_How to complete this task_
What's wanted here is the full listing below, repeated exactly, with no images in it.

═══ Dataset extract ═══

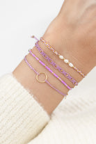 Unser einfarbiges Armband Jelly eignet sich besonders gut zum Mixen mit anderen Armbändchen. In Neon Purple bringt es strahlende Farbe in jeden wilden Armband-Mix. Vereinzelte goldenen Metallperlen setzen elegante Akzente.
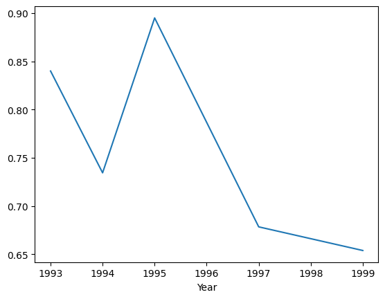 Что показывает: Изменение средней популярности треков Blur по годам.
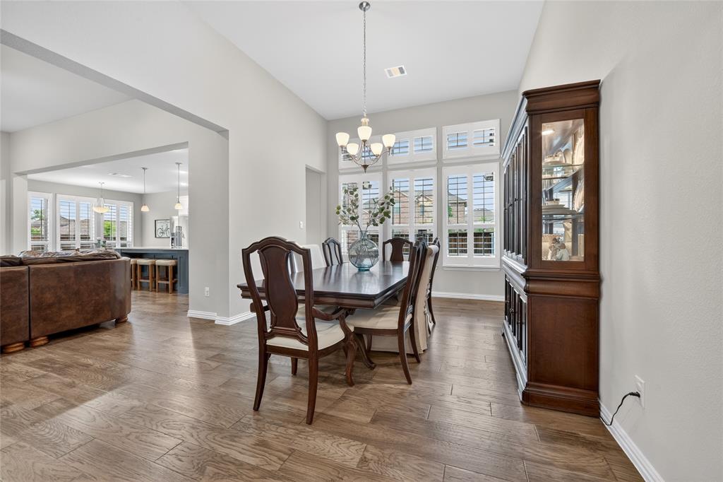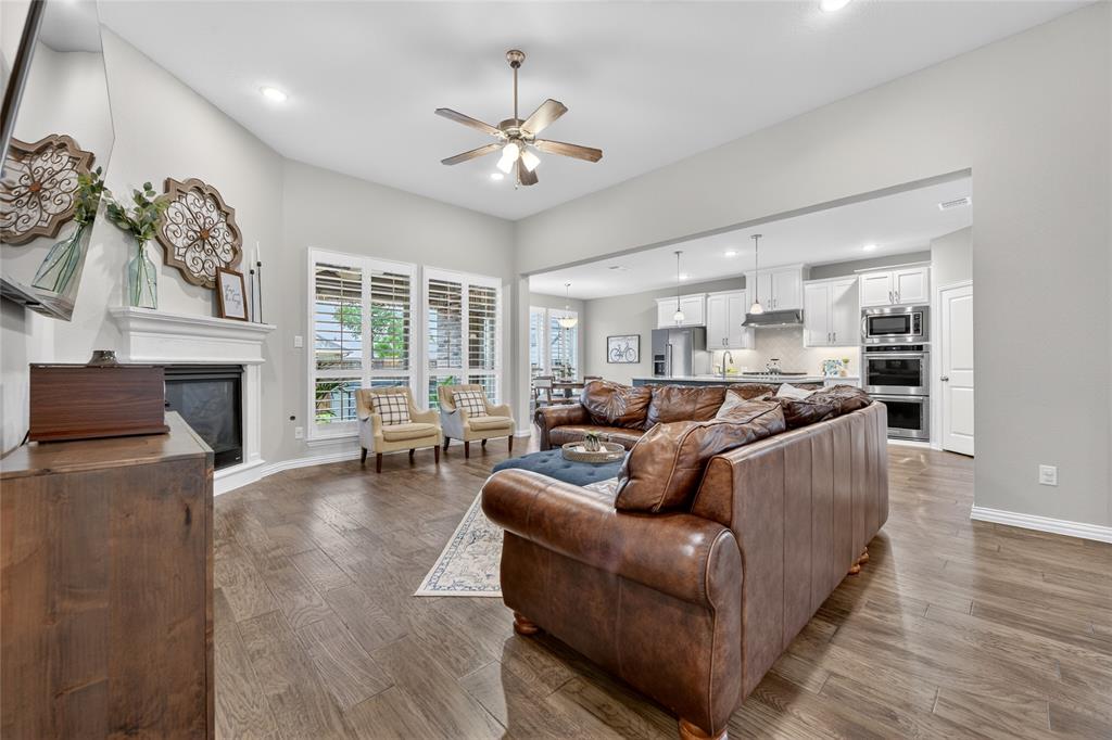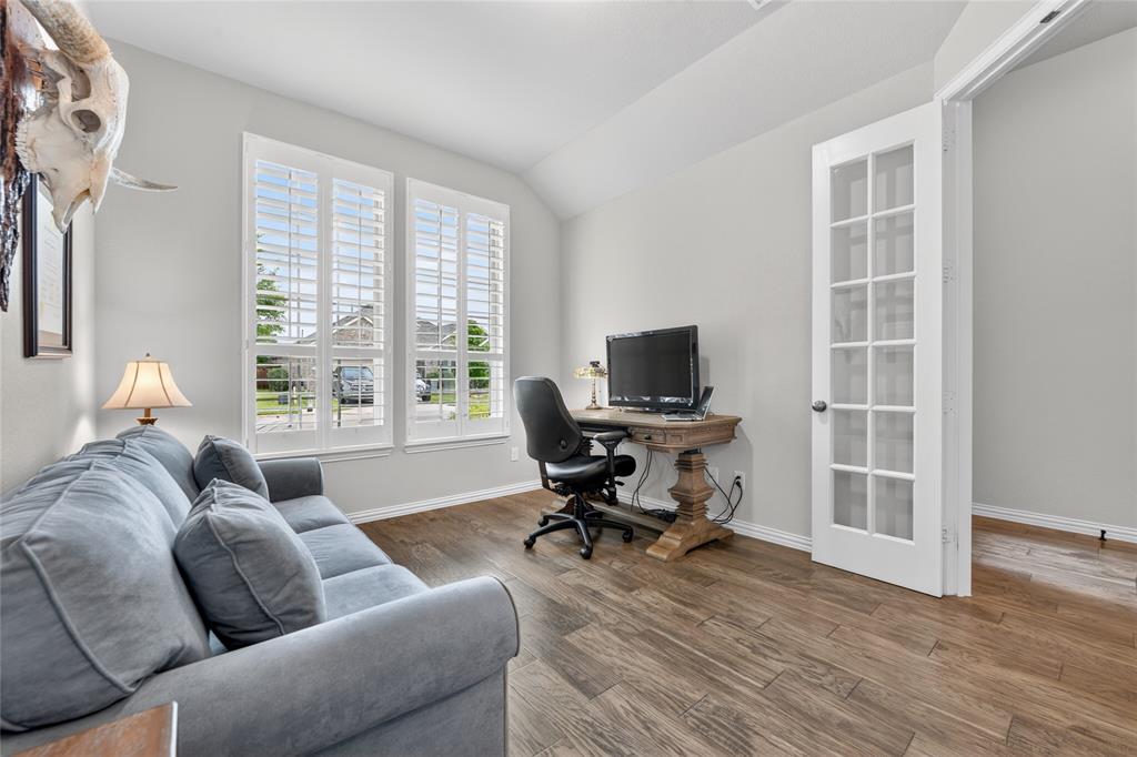 Natural light streams through elegant plantation shutters to illuminate this sprawling single-story nestled on a large corner lot, where tall ceilings and extensive wood flooring set a tone of airy sophistication. Unwind in the open-concept living area featuring a cozy gas log fireplace and flat screen wiring, perfect for both quiet evenings and grand entertaining. Culinary dreams come alive in the modern kitchen boasting crisp white cabinets, quartz counters, a farmhouse sink, and a stylish herringbone patterned backsplash. Equipped for the serious chef, the space features a double oven, gas cooktop, a walk-in pantry, and a social island with a breakfast bar. Productivity meets versatility in the dedicated home office, where French doors and a private closet offer a quiet workspace or a fourth bedroom flex space. Escape to the secluded primary suite, a spa-like retreat featuring separate granite vanities, dual linen closets, and a massive walk-in closet with custom built-ins and seasonal storage. This private haven offers an ingenious laundry room pass-through, streamlining your daily routine with unparalleled convenience. Entertainment is elevated in the windowless, dedicated media room, fully equipped with a projector, screen, and built-in speakers for the ultimate cinema experience. The low-maintenance backyard features a huge covered patio with a remote-controlled awning and a cozy hot tub, ideal for year-round relaxation. Modern essentials abound, including a smart doorbell, whole-house WiFi extenders, a tankless water heater, and a spacious garage with epoxy flooring. Neighborhood amenities include the Canyon Falls Club for gatherings and social activities, multiple pools, a fitness center, dog park, the Hay Barn and Porch for events, and miles of trails, with the benefit of attending the highly sought-after Byron Nelson High School in this turnkey Northlake gem. Take a first-person look at this gorgeous home! Click the Virtual Tour link to see the 3D Tour!

═══

_Answer box_
 Unser einfarbiges Armband Jelly eignet sich besonders gut zum Mixen mit anderen Armbändchen. In Neon Purple bringt es strahlende Farbe in jeden wilden Armband-Mix. Vereinzelte goldenen Metallperlen setzen elegante Akzente.
 Что показывает: Изменение средней популярности треков Blur по годам.
 Natural light streams through elegant plantation shutters to illuminate this sprawling single-story nestled on a large corner lot, where tall ceilings and extensive wood flooring set a tone of airy sophistication. Unwind in the open-concept living area featuring a cozy gas log fireplace and flat screen wiring, perfect for both quiet evenings and grand entertaining. Culinary dreams come alive in the modern kitchen boasting crisp white cabinets, quartz counters, a farmhouse sink, and a stylish herringbone patterned backsplash. Equipped for the serious chef, the space features a double oven, gas cooktop, a walk-in pantry, and a social island with a breakfast bar. Productivity meets versatility in the dedicated home office, where French doors and a private closet offer a quiet workspace or a fourth bedroom flex space. Escape to the secluded primary suite, a spa-like retreat featuring separate granite vanities, dual linen closets, and a massive walk-in closet with custom built-ins and seasonal storage. This private haven offers an ingenious laundry room pass-through, streamlining your daily routine with unparalleled convenience. Entertainment is elevated in the windowless, dedicated media room, fully equipped with a projector, screen, and built-in speakers for the ultimate cinema experience. The low-maintenance backyard features a huge covered patio with a remote-controlled awning and a cozy hot tub, ideal for year-round relaxation. Modern essentials abound, including a smart doorbell, whole-house WiFi extenders, a tankless water heater, and a spacious garage with epoxy flooring. Neighborhood amenities include the Canyon Falls Club for gatherings and social activities, multiple pools, a fitness center, dog park, the Hay Barn and Porch for events, and miles of trails, with the benefit of attending the highly sought-after Byron Nelson High School in this turnkey Northlake gem. Take a first-person look at this gorgeous home! Click the Virtual Tour link to see the 3D Tour!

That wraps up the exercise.